The regression task primarily examines the model's ability to represent continuous surface parameters. In the aboveground biomass estimation task, TESSERA achieved the best results across different labeling scales, with lower prediction errors and more continuous spatial distribution. In the forest canopy height inversion task, the model further demonstrated its ability to capture three-dimensional forest structure information, with the estimation results showing the highest agreement with lidar measurement data, effectively recovering the vertical structure characteristics of the forest.

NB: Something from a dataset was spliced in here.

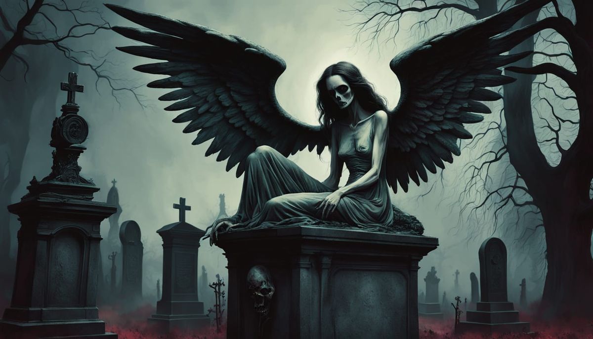 A haunting image of the Angel of Death in a Victorian cemetery. The oil on canvas artwork features a dark, macabre scene reminiscent of early 20th-century horror with surreal and eerie qualities.
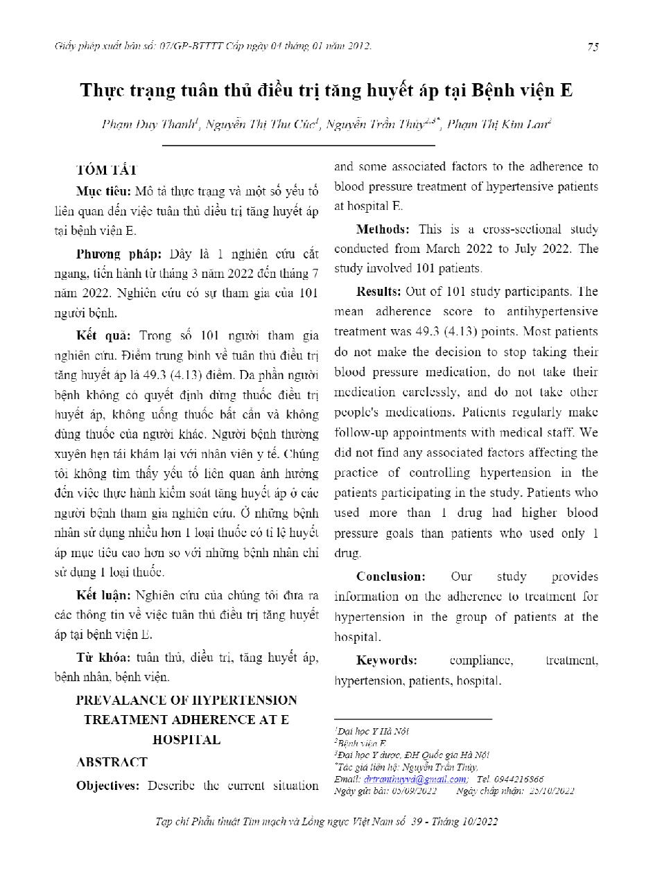 Thực trạng tuân thủ điều trị tăng huyết áp tại bệnh viện E = Prevalance of hypertension treatment adherence at E hospital

Based on all experimental results,TESSERA maintains a stable advantage in all three types of tasks: classification, segmentation, and regression, and its advantage is even more obvious under complex conditions such as low annotation, sparse data, and missing observations.Compared to many models that rely on high-quality training data, TESSERA exhibits a more gradual performance degradation in real-world remote sensing scenarios, demonstrating stronger robustness and generalization ability.
Final Thoughts
Do remote sensing foundational models truly require "ideal data"? TESSERA's approach offers a different answer: allowing models to directly engage with incomplete, irregular, and frequently cloud-interferenced observation sequences from the real world, learning feature representations with time-series sampling invariance within a self-supervised framework. This doesn't mean data cleaning is no longer important, but rather suggests that researchers could shift their focus from "cleaning up the data" to "teaching models to handle imperfect data." After all, every satellite image containing clouds is a part of real-world observation. Compared to constantly pursuing more "perfect" data, enabling models to understand the complexities of the real world may be a crucial direction for the generalization of remote sensing foundational models.